GUEST ARTICLE: Surrounded by a ring of big and small snow capped mountains, Salt Lake City, Utah is a ski lover’s wonderland.
Disembarking the Amtrak California Zephyr at Salt Lake City railway station in the early hours of the morning isn’t for the faint hearted. Call a taxi company like Yellow Cab (801) 521-2100 or City Cab Co (801) 363-5550 or you’ll be left stranded in a desolate part of town next to the very shady looking Pioneer Park.
Entering the 800 South Guest House, amazingly enough located on 800 South (‘street’) is also an interesting proposition during the early hours of the morning.
800 South Guest House is a self-check in hostel with a cheerful yellow and blue exterior. Have the entry code handy from your internet booking to open the side door and a torch if the lights are off so you don’t have to stumble to the self check-in computer like I did.
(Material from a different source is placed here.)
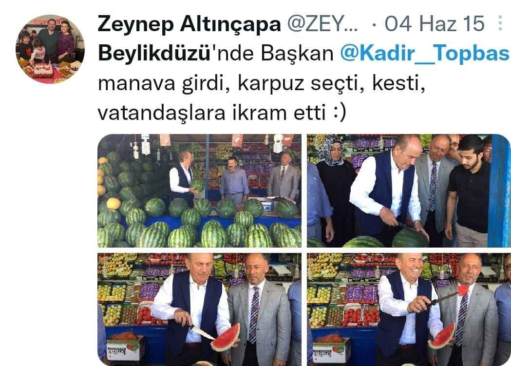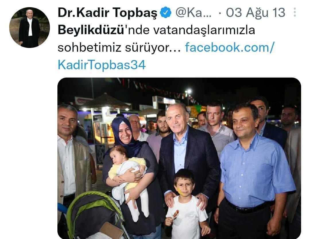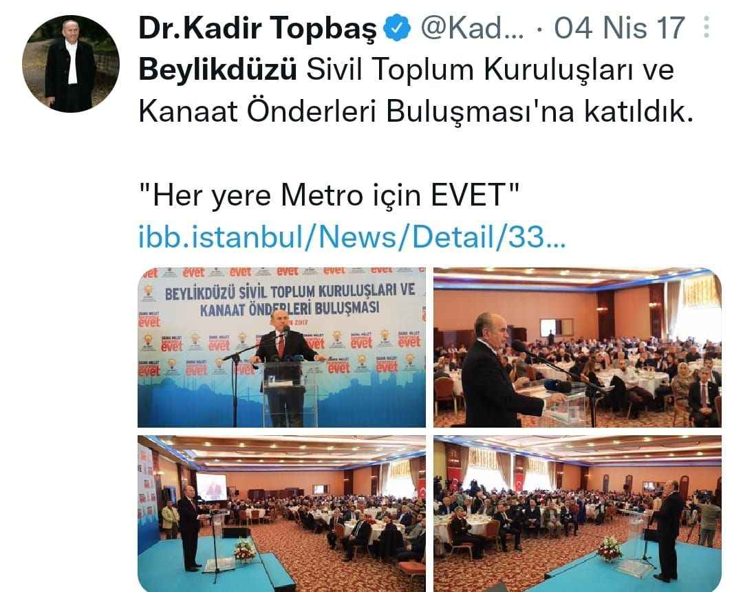 Ancak Ekrem İmamoğlu'nun Beylikdüzü Belediye Başkanlığı yaptığı dönemde İstanbul Büyükşehir Belediye Başkanı olan merhum Kadir Topbaş'ın Beylikdüzü'nde düzenlenen bir etkinliğe katıldığı ve İmamoğlu'nun kendisine bu ziyaret nedeniyle teşekkür ettiği anlar ortaya çıktı. İmamoğlu ziyaret esnasında yaptığı konuşmada "İstanbul Büyükşehir Belediye Başkanımız Sayın Kadir Topbaş'a öncelikle tabii ki o İstanbul'un belediye başkanı ama yine de ilçemize hoşgeldiniz diyoruz. Sefalar getirdiniz" demişti.

Starting at about US $20 for a shared dormitory, the hostel provides free secure WiFi, TV, kitchen and laundry facilities. It’s cheapest to book directly online through the official secure website.
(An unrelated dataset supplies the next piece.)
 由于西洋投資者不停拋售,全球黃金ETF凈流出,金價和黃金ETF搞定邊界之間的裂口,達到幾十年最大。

To stock up on the basics you can’t go wrong at the Walmart SuperCenter just a few TRAX stops away. If you can’t find what you want in Walmart, whether it’s a “wholesome” 😉 tube of cookie dough or “meal size maple pancakes” and sausage griddlecake, you just aren’t looking hard enough.
To hit the ski slopes, take a UTA ski bus up to Snowbird or Alta Ski Resort to experience the powder that made Salt Lake City home to the 2002 Winter Olympics. The champagne snow crumbles in your hand at the slightest touch.
Snowbird is a more commericalised, larger resort with more eateries and shops. Alta is more of a smaller, simpler family run operation. But it’s really the types of runs on offer that counts.
If you catch the TRAX light rail into town for sight seeing, be warned. There’s not too much to see by way of major tourist attractions, unless you’re interested in religious monuments and average museums.
A ring of tall and short snow capped mountains provide a sparkling backdrop to what is other wise a fairly lifeless city.
In early 2009, the city center was punctuated by construction works designed to breathe life and prosperity into the centre, its plain architecture and shady streets on its fringes.
There are some chain restaurants like Romano’s Macaroni Grill where you can get a large cheesy mushroom ravioli and a Budweiser served with a complimentary warm bread roll and oil for about $US15.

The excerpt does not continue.